WHAT YOU ARE ASKED TO DO: Print the listing below only from the line that has "Self Tapping Screws" through the line that has "自我国1985年成为《保护世", exactly, and drop any picture.

RAW DATA:
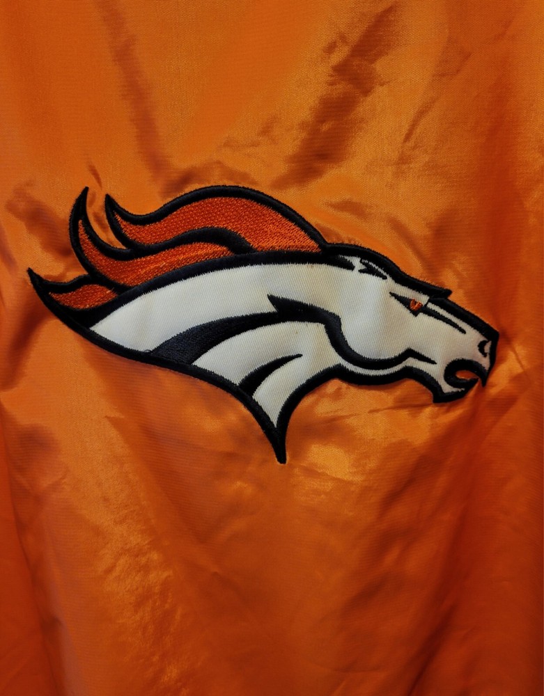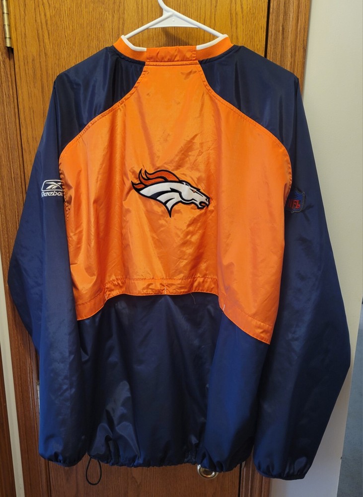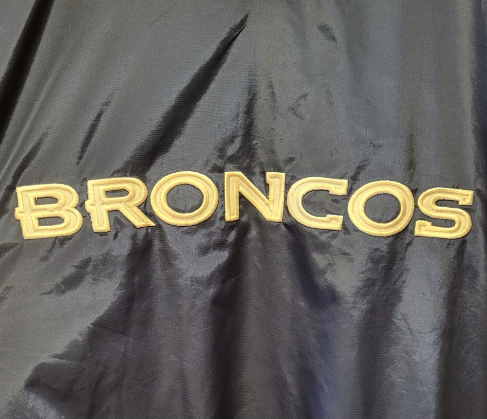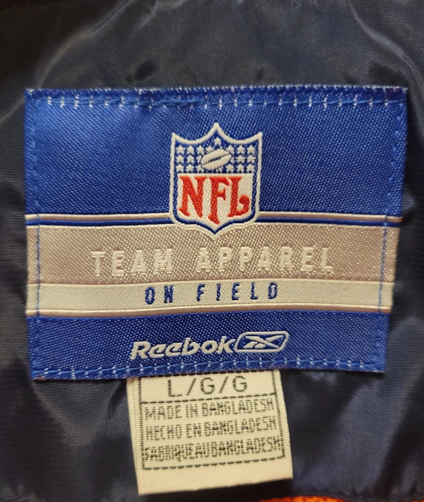 Show your support for the Denver Broncos with this vintage Reebok NFL windbreaker jacket. Made with high-quality materials in Bangladesh, this jacket is perfect for any fan of the team. It features the team's official logo and colors, making it a great addition to any fan's wardrobe. This jacket is officially licensed by the National Football League (NFL) and is perfect for regular season games. The size is a men's large and it is designed specifically for football fans. Don't miss out on the chance to show your team spirit and support the Denver Broncos with this stylish and comfortable windbreaker jacket.
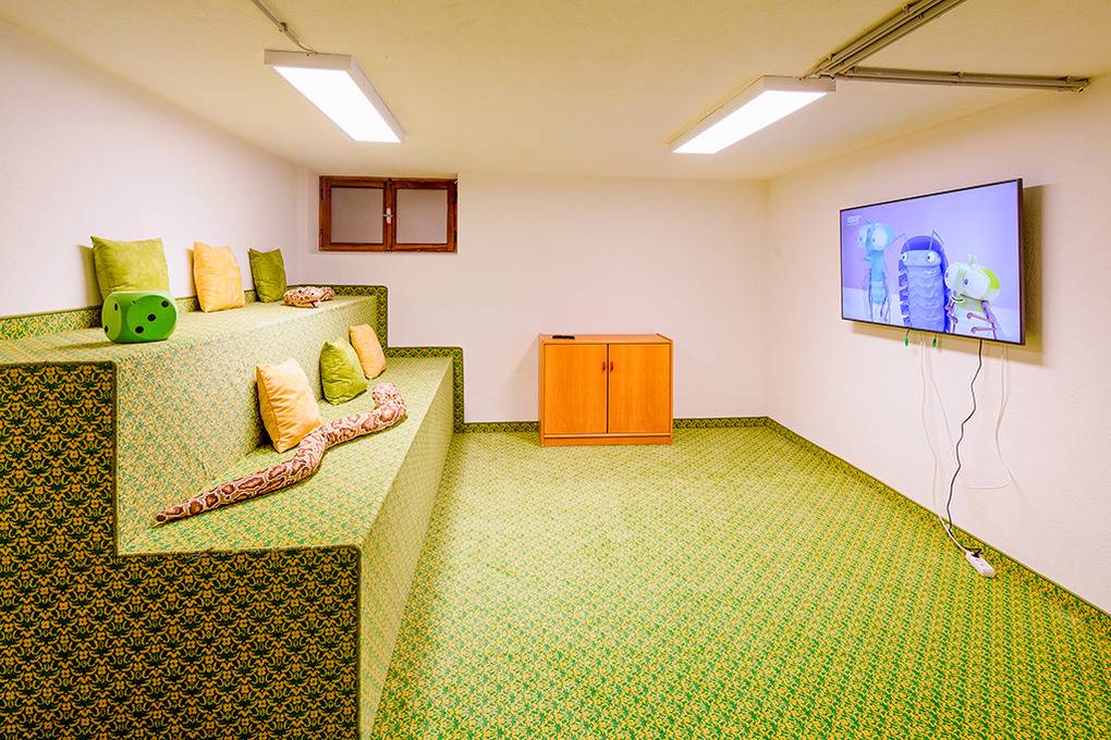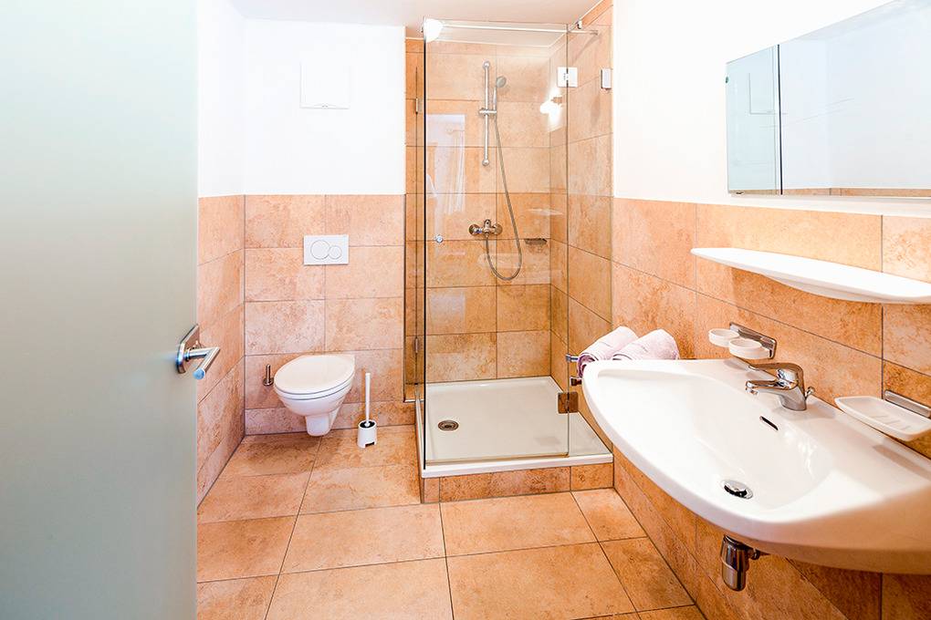 Parterre: Heller, freundlicher Aufenthaltsraum mit Esstischen, Flachbild-Sat-TV. Gut ausgestattete Gruppenküche mit Backofen, Spülmaschine, Tiefkühltruhe. 2 Doppelzimmer mit Bad. 2 separate WC. Hübscher Wellnessbereich mit Sauna, Dusche, Ruheliegen, sichtgeschützter Terrasse.
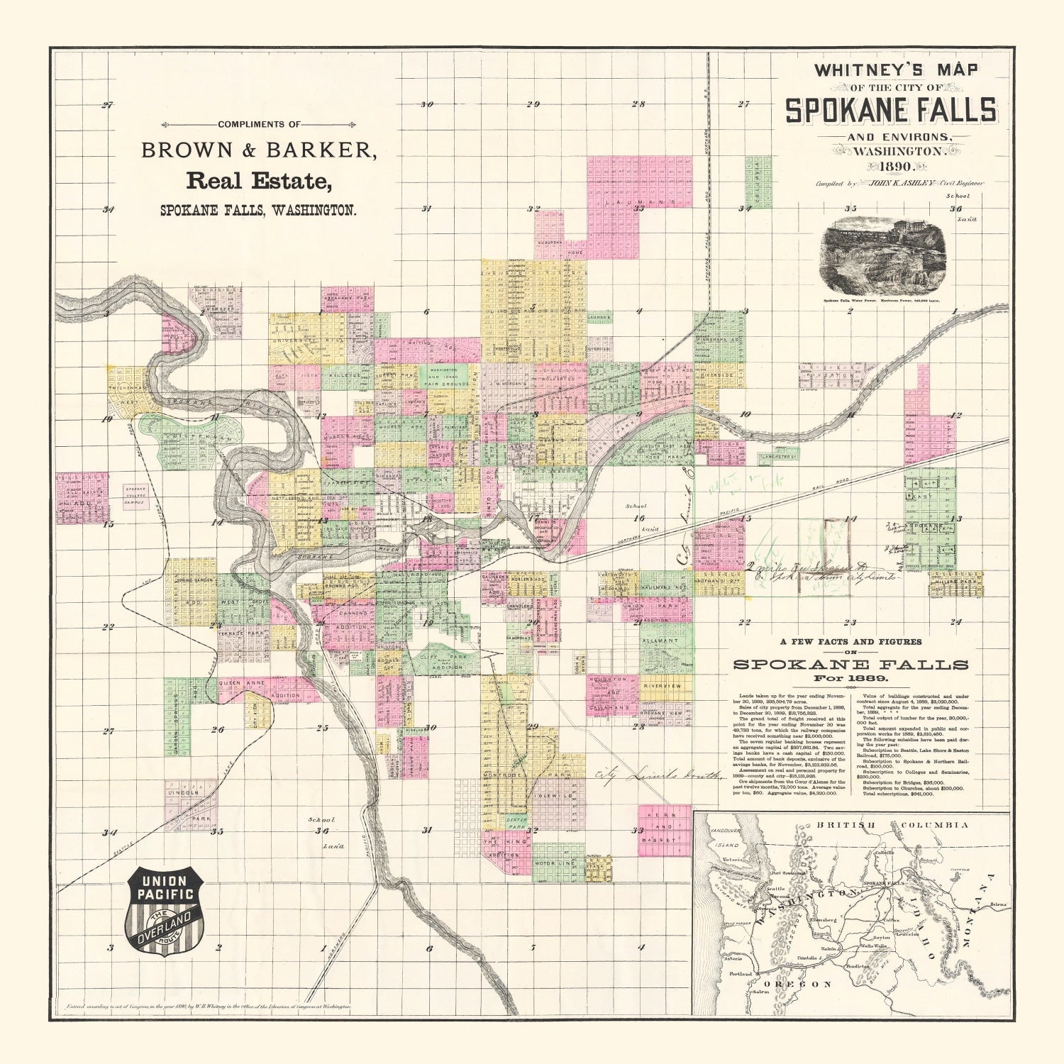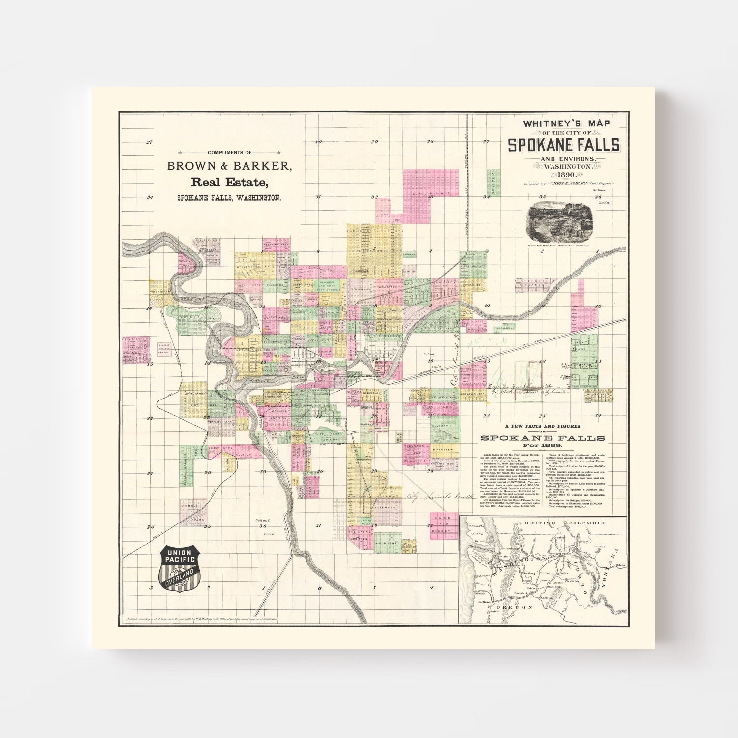 Rediscover the charming history of Spokane Falls with this meticulously restored 1890 vintage map print. Crafted by Ted's Vintage Art, this piece is not only a window into the past but also an elegant addition to your home or office decor. Whether you're from Spokane County or just love exploring maps, it's sure to become a fascinating conversation starter among guests.
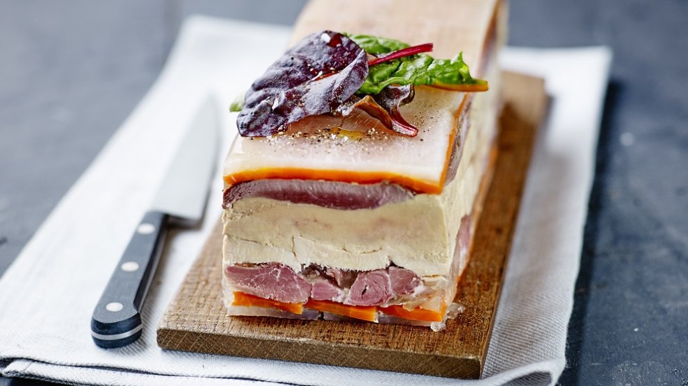 Préparation : 40 min / Cuisson : environ 1h30 / Repos : 24 heures Votre marché pour 2 terrines : 2 filets de poulet fermier des Landes ; 1 lobe de foie gras de canard fermier éveiné ; 1 magret de canard fermier ; 4 feuilles de gélatine ; 3 carottes ; 3 navets ; 1 jarret avant de porc demi-sel ; 1...
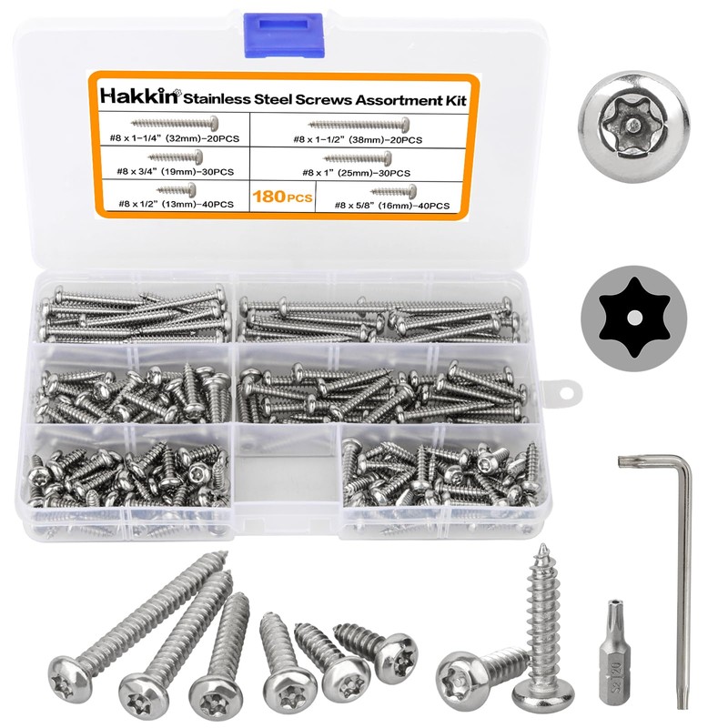 Self Tapping Screws Hakkin 180Pcs M4#8 Button Head Torx Security Screws Sheet Metal 304 Stainless Steel Anti-Theft Tamper Proof Screws Assortment Kit with T20 Wrench
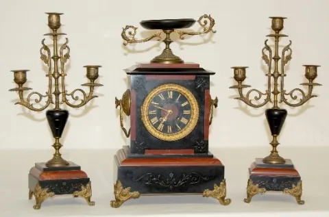 L. Marti & Cie Marble and Slate 3 Pc Clock Set
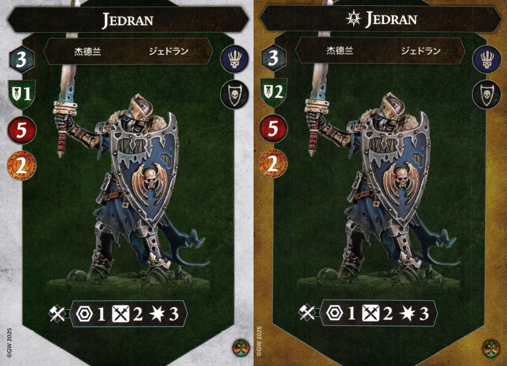 Jedran's a beast with 5 health. He, like his dad, goes from 1 shield to 2 once inspired so picking that inspire up is highly valuable. He does sport the bulwark icon, so he can pick up free guard tokens from the occasional critical result on a save dice. Neat.
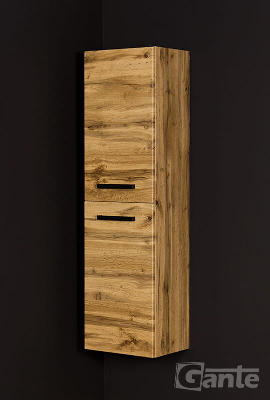 Wiszący regał do łazienki 2 drzwiowy Fokus loft kolor dąb naturalny + czarne matowe uchwyty
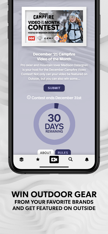 Muat naik dan kongsi video pengembaraan anda sendiri di mana anda boleh menyertai peraduan api unggun bulanan untuk memenangi peralatan luar daripada jenama luar kegemaran anda.
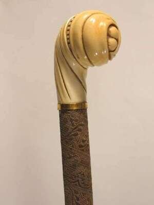 The silk wrapped tapered shaft with a bud carved handle, the foliate engraved blade with reserves depicting jousting and standing knights.
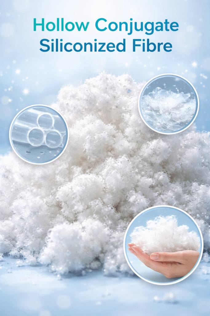 Manufactures and supplies premium Hollow Conjugate Siliconized Fiber (HCS) — a highly resilient, virgin/recycle-grade polyester fiber known for its softness, bounce, and silky finish. The hollow core and conjugate crimp give the fiber enhanced loft and recovery, while the siliconized coating ensures smoothness and flowability.Clothing – inside jackets, coats, and quilted garments for insulation
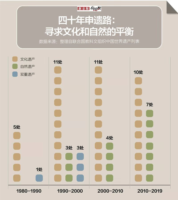 自我国1985年成为《保护世界文化和自然遗产公约》缔约国一员开始,我国四十年的申遗路上,无论哪个十年,都是文化遗产数量被列入名录最多。文化遗产和自然遗产发展显著不均。
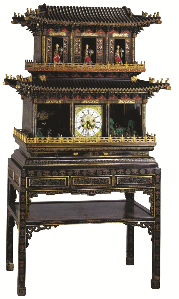 “黑漆彩绘楼阁群仙祝寿钟”可分为两层,上层是3间有报时机械人的小房屋,下层是用于计时的钟表,钟表两侧各有一个布景箱。每逢3、6、9、12点,机械人会走出房门报时,两个布景箱则会表演“海屋添筹”“群仙祝寿”的场景。

OUTPUT FOR THIS TASK:
 Self Tapping Screws Hakkin 180Pcs M4#8 Button Head Torx Security Screws Sheet Metal 304 Stainless Steel Anti-Theft Tamper Proof Screws Assortment Kit with T20 Wrench
 L. Marti & Cie Marble and Slate 3 Pc Clock Set
 Jedran's a beast with 5 health. He, like his dad, goes from 1 shield to 2 once inspired so picking that inspire up is highly valuable. He does sport the bulwark icon, so he can pick up free guard tokens from the occasional critical result on a save dice. Neat.
 Wiszący regał do łazienki 2 drzwiowy Fokus loft kolor dąb naturalny + czarne matowe uchwyty
 Muat naik dan kongsi video pengembaraan anda sendiri di mana anda boleh menyertai peraduan api unggun bulanan untuk memenangi peralatan luar daripada jenama luar kegemaran anda.
 The silk wrapped tapered shaft with a bud carved handle, the foliate engraved blade with reserves depicting jousting and standing knights.
 Manufactures and supplies premium Hollow Conjugate Siliconized Fiber (HCS) — a highly resilient, virgin/recycle-grade polyester fiber known for its softness, bounce, and silky finish. The hollow core and conjugate crimp give the fiber enhanced loft and recovery, while the siliconized coating ensures smoothness and flowability.Clothing – inside jackets, coats, and quilted garments for insulation
 自我国1985年成为《保护世界文化和自然遗产公约》缔约国一员开始,我国四十年的申遗路上,无论哪个十年,都是文化遗产数量被列入名录最多。文化遗产和自然遗产发展显著不均。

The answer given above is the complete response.